Irish 'No' vote divides Czech ruling coalition
(PRAGUE) - Ireland's referendum snub to the Lisbon Treaty has provoked a range of reactions within the government, highlighting the fragility of the three-party ruling coalition.
Ireland rejected the reform treaty by 53.4 percent to 46.6 percent in Thursday's referendum. That broke what had until then been an uninterrupted series of ratifications of the treaty by EU member states.
It was a boost to eurosceptics everywhere in Europe, said the daily Lidove Noviny, among other Czech papers. But it was all the more important here, where the treaty is still to be ratified.
Czech President Vaclav Klaus, an outspoken critic of the European Union's growing powers, wasted no time Friday issuing a statement welcoming the result rejecting the Treaty of Lisbon.
It was a "victory for freedom and reason over artificial elitist projects and European bureaucracy," he said.
And he insisted it spelt the end of the treaty, which requires the unanimous backing all 27 EU member states.
Prime Minister Mirek Topolanek, who holds executive power, took a more cautious line.
He acknowledged that the Irish vote represented a "political complication," but did not commit himself on whether Prague should go ahead and ratify the treaty regardless.
The Czech parliament is still waiting for the approval of the Constitutional Court before voting on ratifying the treaty.

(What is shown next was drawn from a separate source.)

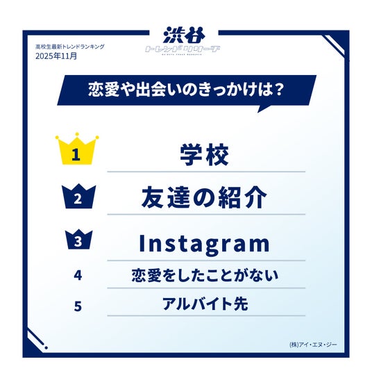 【イマドキ高校生の最新!恋愛調査】理想の芸能人夫婦&恋愛のきっかけTOP10の発表!今月のネクストトレンド「Meitu」とは…?高校生最新トレンド2025年秋!渋谷トレンドリサーチ

But within Topolanek's own Civic Democratic party (ODS) several politicians including the head of the Senate, Premysl Sobotka, have already echoed Klaus' view that the treaty is as good as dead.
ODS vice president Petr Necas was as blunt as President Klaus. "If one country refuses, that means the project is over in its entirety," he said. "It makes no sense to continue the ratification of a dead document."
Complicating matters is the fact that the ODS is part of a three-way coalition that includes the Christian Democrats and the Green Party.
The Christian Democrats have not give their view, but Ondrem Liska, the vice president of the Green party called on Saturday for the ratification process to go ahead.
Ratification must be continued "as soon as possible, so that it is completed by the end of the year," said Liska.
The ODS has little room for manouevre then at the heart of what looks like an increasingly fragile coalition.
Topolanek will discuss the issue on Monday with French President Nicolas Sarkozy, when he travels to Prague to meet the prime ministers of the Czech Republic, Hungary, Poland and Slovakia.
Sarkozy wants to see the ratification process continue in order to steer the EU away from crisis.
It will be France's task to navigate the European Union through the storm let loose by the Irish vote: they take over the rotating six-monthly presidency of the European Union from Slovenia in July.
The Czech Republic will get its turn in the hot seat from January next year -- and it is a safe bet the EU's problems will be far from resolved by then.